Sei que pode soar estranho, mas acredito que uma das áreas em que o Brasil demonstra grande poder de inovação é a integração de raças. Na história do Brasil, a integração de diferentes raças em uma só cultura é algo muito inovador em comparação com parâmetros globais. Veja a questão dos negros e brancos nos Estados Unidos, por exemplo, que é muito séria e tratada de forma diferente do que acontece no Brasil. Para mim isso é realmente muito empolgante em relação ao Brasil e os brasileiros de um modo geral são bem inovadores.
Quais marcas e empresas você considera mais inovadoras nos dias de hoje? Por quê?
Muitos dizem isso, mas acredito que seja a Apple. Isso porque é uma marca que tem um conceito muito forte. Para ser inovador você precisa ter um conceito e a Apple faz isso muito bem. O que eles fazem não está relacionado somente ao dinheiro. É claro que também envolve lucro, mas, principalmente, em fazer as coisas da melhor forma possível. A Apple pensa em como fazer algo bonito e ao mesmo tempo funcional. Eles pensam em como pegar algo complexo e torná-lo simples, estão sempre criando algo inovador. Outro grande exemplo trata-se de uma pessoa: Elon Musk, da Tesla Motors. Este cara está criando novos comportamentos sociais. Ele é muito inovador. E, se você quer saber algo que realmente é inovador, eu diria os Beatles, que tiveram a habilidade de criar músicas que vivem por 50 anos. São autores de canções que continuam vivas nos dias de hoje, que soam tão atuais quanto eram em 1963. Isso, de tornar algo de outra época atual muitos anos depois, é muito inovador. Além disso, os Beatles mudaram o mundo da música e continuam mudando, continuam sendo importantes, inspirando compositores de uma nova era. Isso é muito relevante. Quando eu tinha 18 anos, trabalhei em uma loja e lá tive a oportunidade de conhecer todos os integrantes dos Beatles e ajudá-los com suas roupas e figurinos. Aquilo mudou minha juventude, me fez ligar meu cérebro. Eu tinha um estilo de vida e aquele momento me influenciou a mudar meu caminho, me fez investir na área criativa. Esse poder de mudar a vida das pessoas é inovação.
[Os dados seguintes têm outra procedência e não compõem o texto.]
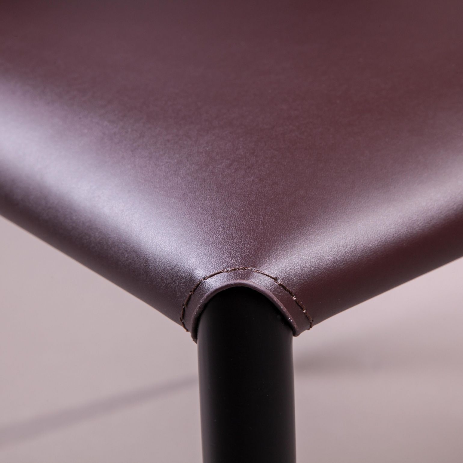 Обивка стула выполнена в регенерированной коже – обивочном материале, который сделан путём переплетения расщеплённых волокон натуральной кожи. В состав модифицированной кожи также входят полимеры и специальные дубильные добавки.

A inovação está atuando de forma eficiente contra o contraste social?
Não, não está trabalhando suficientemente, mas deveria. Acredito que os contrastes sociais são muitos e a inovação tem pela frente uma grande oportunidade. Para os inovadores, este é o desafio. Para mim, isso é extremamente motivador, saber que podemos contribuir para a diminuição dos contrastes sociais. Esse, na verdade, é o grande fundamento para a inovação daqui para frente.
Qual o maior desafio para a inovação no futuro?
É um desafio que a inovação nos envolva como um todo, como cultura, para que no futuro as pessoas possam entender as áreas que necessitam ser inovadas e criar essas mudanças. É preciso entender e adquirir consciência, fazer essa conexão e dar sentido a algo que é inovador. A jornada da inovação parte de um ideal, um sonho, uma imagem na sua cabeça, algo que você transforma em realidade para assim mudar as coisas.